- [WORK INSTRUCTIONS]:
Once the line holding "Σε κλίμα ευχάριστης" is found in the entries below, transcribe exactly every line up to and including the one holding "26日上午,研学团前往南川区", but leave out the pictures.

##### SUPPLIED RECORDS

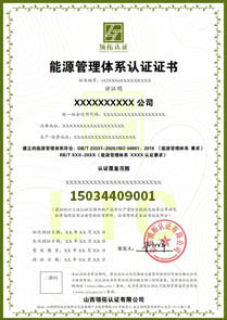 ISO50001能源认证证书样本
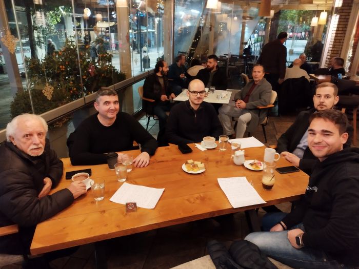 Σε κλίμα ευχάριστης επικοινωνίας και συναδελφικής αλληλεγγύης, οι ιεροψάλτες είχαν την ευκαιρία να ανταλλάξουν ευχές για το νέο έτος. Την βασιλόπιτα ευλόγησαν οι πατέρες Δημήτριος Αντωνίου και Κοσμάς Παππάς, ενώ μας τίμησε με την παρουσία του και ο πατήρ Βασίλειος Αγγελάκης.
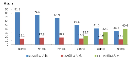 圖4-2 2009-2014年互聯(lián)網(wǎng)寬帶接入端口按技術(shù)類型占比情況
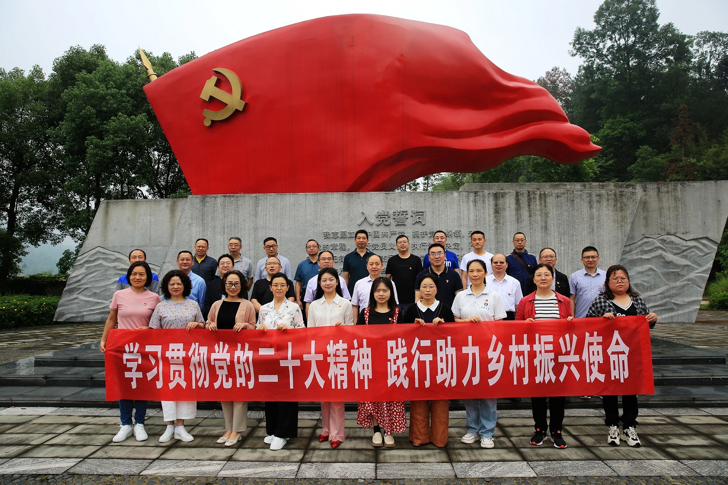 26日上午,研学团前往南川区大观镇龙川江畔“乡村振兴·与廉同行”廉洁文化教育基地开展廉政教育活动。在清风广场上,周国安书记带领全体研学人员高举右拳,面对鲜红的党旗,庄严宣誓,重温入党誓词,感悟初心使命,接受思想淬炼和精神洗礼。随后,研学团步行参观廉政文化长廊,在南川区纪委工作人员的带领下学习领会“半鸭知县”“一钱太守”“二不尚书”“三汤道台”“四知先生”等官吏廉洁修身、廉洁从政的故事,沉浸式、体验式感受廉政文化熏陶。
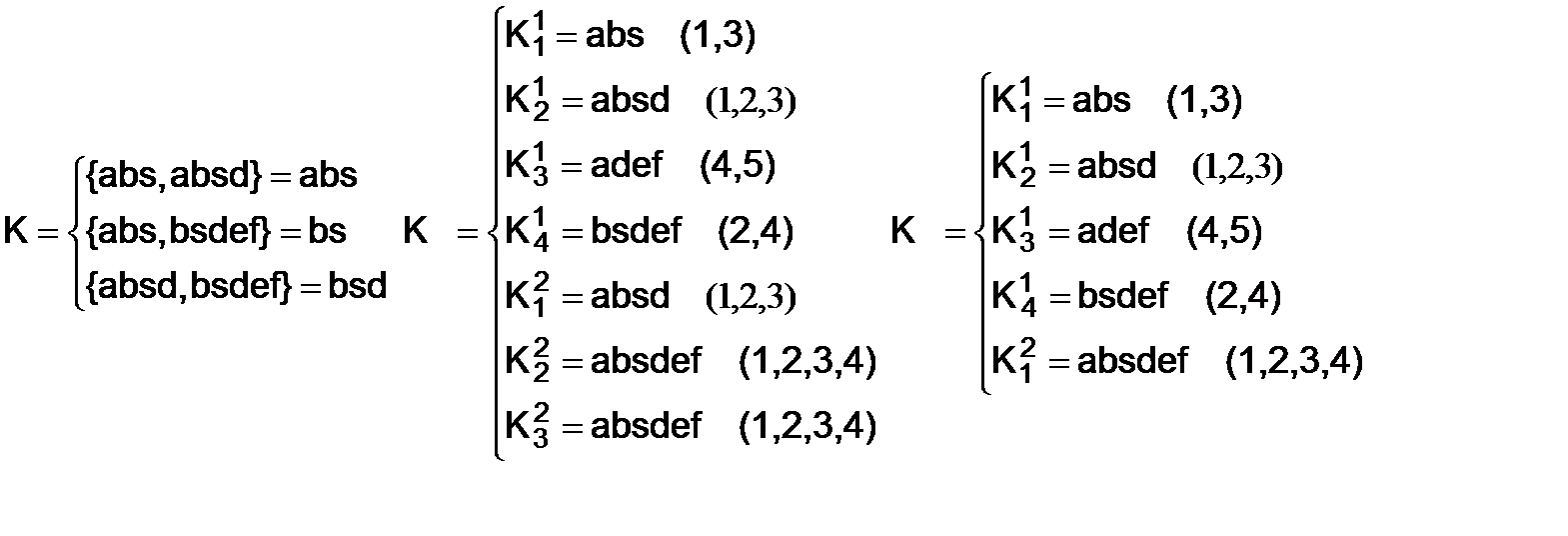 Для конфликтных слов K1, K2 полученная цепочка одинаковая, проявляется не парный, а тройной конфликт. Конфликтное множество формируется путем объединения множеств от K1, K2.
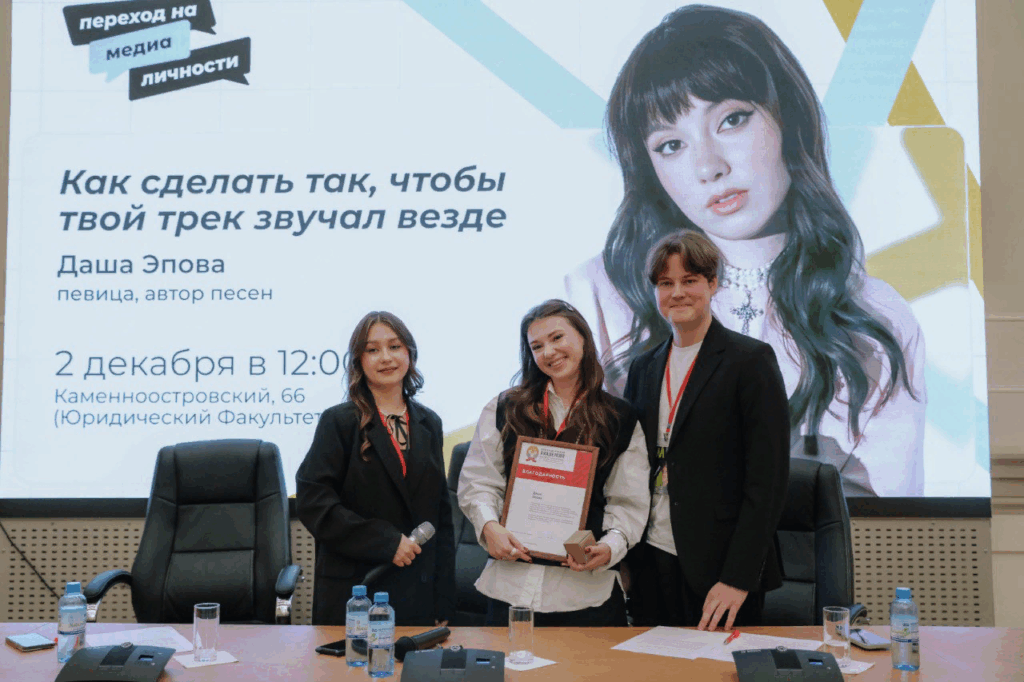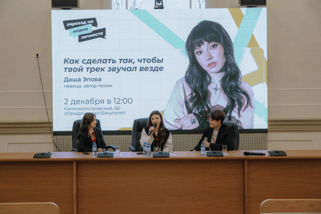 На площадке Президентской академии в Санкт-Петербурге в рамках проекта «Переход на МедиаЛичности» состоялась творческая встреча студентов с певицей и музыкантом Дашей Эповой. Автор хитов «Останься» и «Летний вечер» рассказала о том, как продвигать музыку в современном медиапространстве, оставаться верным своему стилю и находить вдохновение в личном опыте.
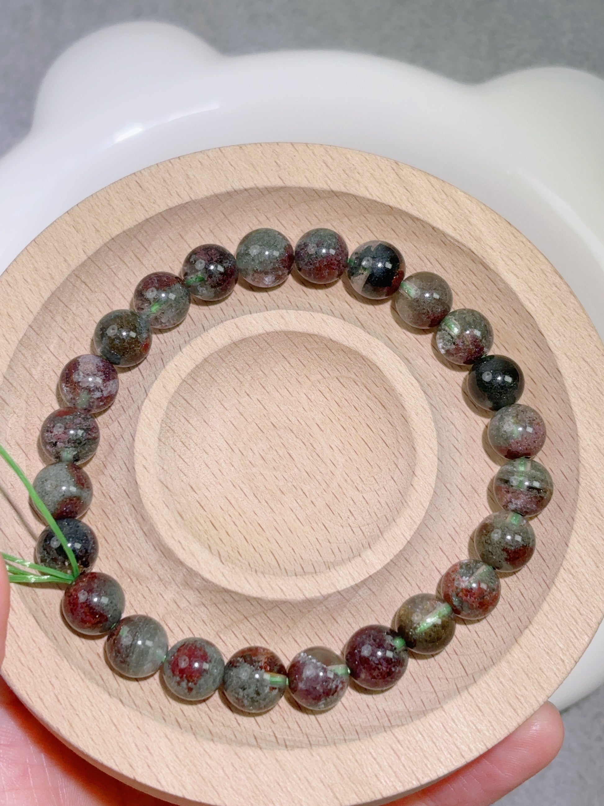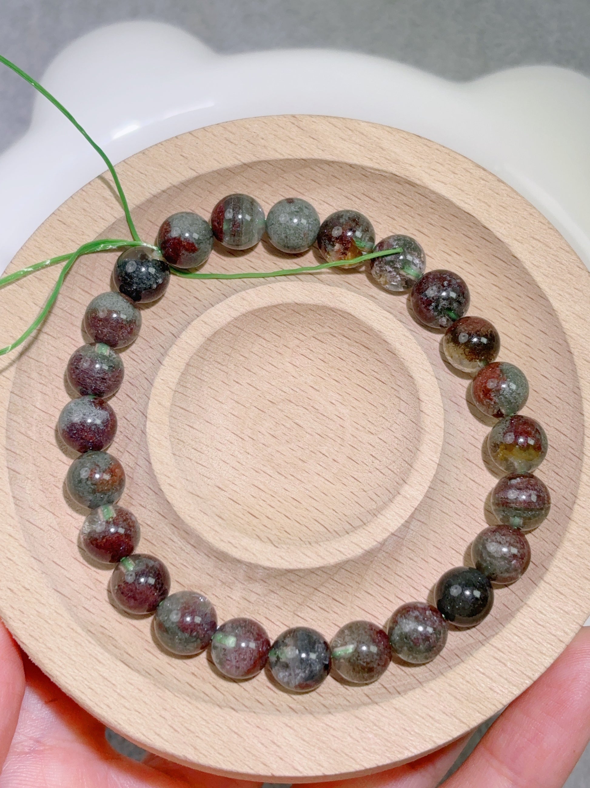 天然石手串シリーズ-ビーズ-8 mm紅緑幽霊/ファントムクォーツ
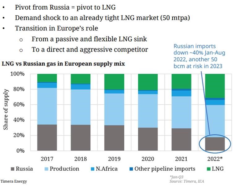 Firstly, global LNG supply cannot be increased quickly enough to offset lost imports of Russian pipeline volumes. It takes years to permit, build and commission new LNG export infrastructure and for the associated supply chains to deliver LNG to regasification locations.
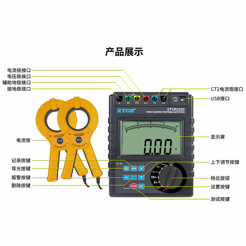 | ETCR3200C 雙鉗接地電阻測試儀 | Φ70mm | 0.00Ω~300kΩ | AC 0V~100V | 0.0mA~600A | 可設置報警閾值 | 2000組 |

##########

- [ANSWER BOX]:
 Σε κλίμα ευχάριστης επικοινωνίας και συναδελφικής αλληλεγγύης, οι ιεροψάλτες είχαν την ευκαιρία να ανταλλάξουν ευχές για το νέο έτος. Την βασιλόπιτα ευλόγησαν οι πατέρες Δημήτριος Αντωνίου και Κοσμάς Παππάς, ενώ μας τίμησε με την παρουσία του και ο πατήρ Βασίλειος Αγγελάκης.
 圖4-2 2009-2014年互聯(lián)網(wǎng)寬帶接入端口按技術(shù)類型占比情況
 26日上午,研学团前往南川区大观镇龙川江畔“乡村振兴·与廉同行”廉洁文化教育基地开展廉政教育活动。在清风广场上,周国安书记带领全体研学人员高举右拳,面对鲜红的党旗,庄严宣誓,重温入党誓词,感悟初心使命,接受思想淬炼和精神洗礼。随后,研学团步行参观廉政文化长廊,在南川区纪委工作人员的带领下学习领会“半鸭知县”“一钱太守”“二不尚书”“三汤道台”“四知先生”等官吏廉洁修身、廉洁从政的故事,沉浸式、体验式感受廉政文化熏陶。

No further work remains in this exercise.